Ward 8 Residents Outraged by Low Funding for Housing and NEAR Act in $13.8 Billion Budget

A photo showing two politicians discussing the city's budget for 2018.

Photo by Justine Coleman

The D.C. Council unanimously approved the $13.8 billion fiscal year 2018 budget at a final vote on June 13, including allocations of funding for Ward 8 initiatives like a community-owned and a nonprofit grocery store, grants for local entrepreneurs and a new recreation center.  On May 30, the council voted to approve the mayor’s proposal to provide $15 million for a recreation center in Congress Heights and accelerate allocation for $11.9 million to modernize the Anacostia Recreation Center over six years. The center will empower residents and offer job training, said Ward 8 Councilmember Trayon White, Sr. at a June 8 community meeting. The emergency meeting was organized to address Ward 8 residents’ disappointment in the D.C. Council’s budget before the second and final vote occurred.

Councilmember White and Chairman Phil Mendelson hosted the meeting at the RISE Demonstration Center in Southeast D.C. Ward 8 residents in attendance said the budget did not supply enough money to fund programs such as the Neighborhood Engagement Achieves Results Act and housing initiatives like vouchers and rapid rehousing, a time-limited subsidized housing lease.

The council’s budget dedicated almost $2.1 million for the NEAR Act to establish the Office of Neighborhood Safety and Engagement with 11 employees and a Community Crime Prevention team. The budget does not mention the office’s stipend-intervention program designed to incentivize participants or provide funding for the 36 total employees suggested for the office in the mayor’s proposed budget amendments.

Black Lives Matter D.C. sent a petition signed by 74 coalitions to D.C. Council members the next day demanding for the NEAR Act to be fully funded.

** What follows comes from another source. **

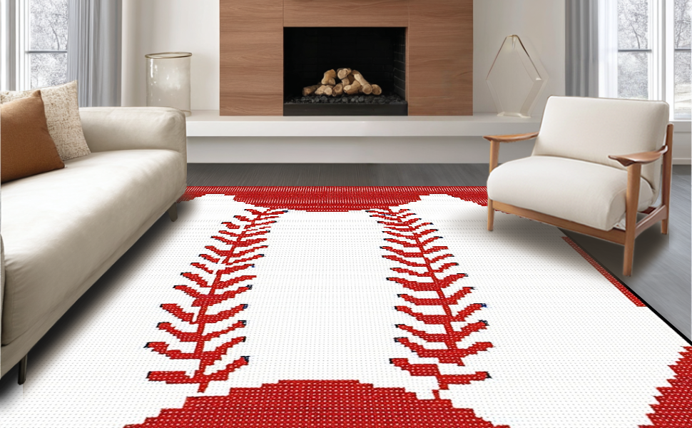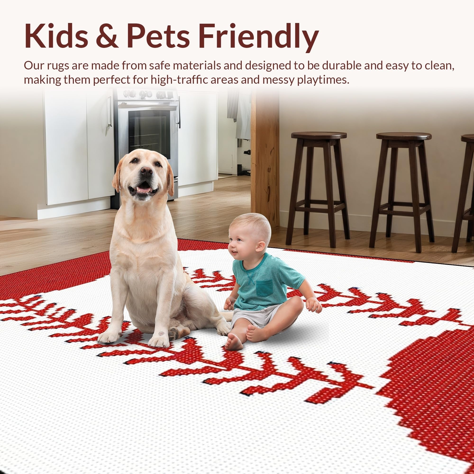 Ultra Soft Area Rug, Non Slip, Stain Resistant, Washable Area Rugs for Living Room, Bedroom, Energetic Round Stitched Aesthetic(Red) Overview: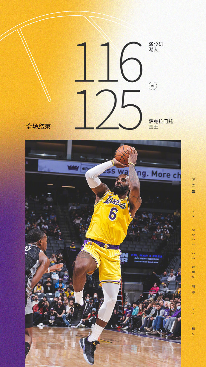 JRS低调看直播1月13日讯 NBA常规赛继续进行,国王主场迎战湖人,国王此前状态不是很好,一波5连败已经掉落至西部第12位,而湖人4连胜后惨败于灰熊目前也掉落至西部第7位,本场安东尼因腰部紧张缺阵。开局湖人外线手感不错,但国王也是连续冲击内线给出回应,双方打得非常胶着,湖人依靠自身的经验优势,在詹姆斯的带领下占据5分领先,次节国王上来外线手感不错将比分追平,但詹姆斯又站出来里突外投帮助湖人打出超级进攻波一举建立双位数领先,节末国王也回应8-0小高潮将分差又追至6分。第三节风云突变,虽然湖人外线三分还能帮助止血,但国王通过连续冲击湖人孱弱内线,配合着外线巴恩斯的三分,国王打出超级进攻波并单节轰下40分一举建立双位数的领先,末节湖人依靠外线三分紧急追分,但国王也都能给出回应,双方外线对飚,但国王始终保持领先,虽然最后时刻詹姆斯一度帮助湖人追到差2分,但梅图三分一击毙命,最终国王击退湖人,终止自己的5连败。

In the legislative meeting for the final vote, Chairman Phil Mendelson said that after working with the Office of Revenue Analysis, he thinks the NEAR Act will be able to be fully funded after a subject for appropriation is removed. In general, subjects of appropriations are removed once the council and mayor find funding for the legislated program, according to David Umansky, a spokesman for the Office of the Chief Financial Officer.

[Read more: Instead of investing more funding in law enforcement, protestors demand D.C. Council fully fund the NEAR Act]

Erik Salmi, the communications director for Judiciary and Public Safety Committee Chairman Charles Allen, said in an interview after the meeting that the NEAR Act is fully funded aside from providing money for positions connecting behavioral health specialists to police officers that exist elsewhere and a community survey that was already conducted by a separate group. He said the subject of appropriations was removed with the funding in the budget and Mayor Muriel Bowser requested that the funding for the stipend-intervention program go toward the Career Connections job readiness program.

Tensions ran high throughout the Ward 8 meeting after residents said they felt the councilmembers were avoiding answering questions and after dealing for years with unsolved issues, including voucher funding.

“Starting to talk about all of this, literally avoiding questions about vouchers – 40,000 people on vouchers – they shouldn’t be able to sleep at night,” April Goggans said in an interview after the meeting. Goggans is a co-organizer of Black Lives Matter D.C.

The council previously re-allocated $3 million Bowser had proposed for the rapid rehousing program to be used for affordable housing vouchers and permanent supportive housing instead. This was in large part due to testimony about the rapid rehousing program’s lack of success. The Washington Legal Clinic for the Homeless released a report “Set Up To Fail”  in May that found only 40 percent of families in rapid rehousing are able to stay their housing by the end of the program.

“I think housing is a crisis right now, and the more … people we have advocating for housing the better outcomes we get,” White said in an interview.

Before the first vote, the Coalition for Nonprofit Housing and Economic Development held their annual advocacy day on May 15 and asked the council to allocate $125 million to the housing production trust fund, $8.5 million for local rent supplement program vouchers and $16 million for the homeowners purchase assistance program.

Mendelson met with the coalition that day but expressed his concerns for a property deal where the Department of Housing and Community Development gave land that was set aside for a nonprofit to two other nonprofit developers.

“As long as we are leaving dollars on the table we are not going to get there,” he said. “We’ve got to be spending every dollar we’ve got.”

The council passed various amendments with the budget, which included restoration of $6.6 million for the streetcar project, Mendelson said.

Some councilmembers praised the budget’s overall efforts to address the housing crisis. But others said funding for rapid rehousing should not have decreased and that funneling money into housing services was just the beginning of fighting a larger problem.


Reginald Black contributed reporting.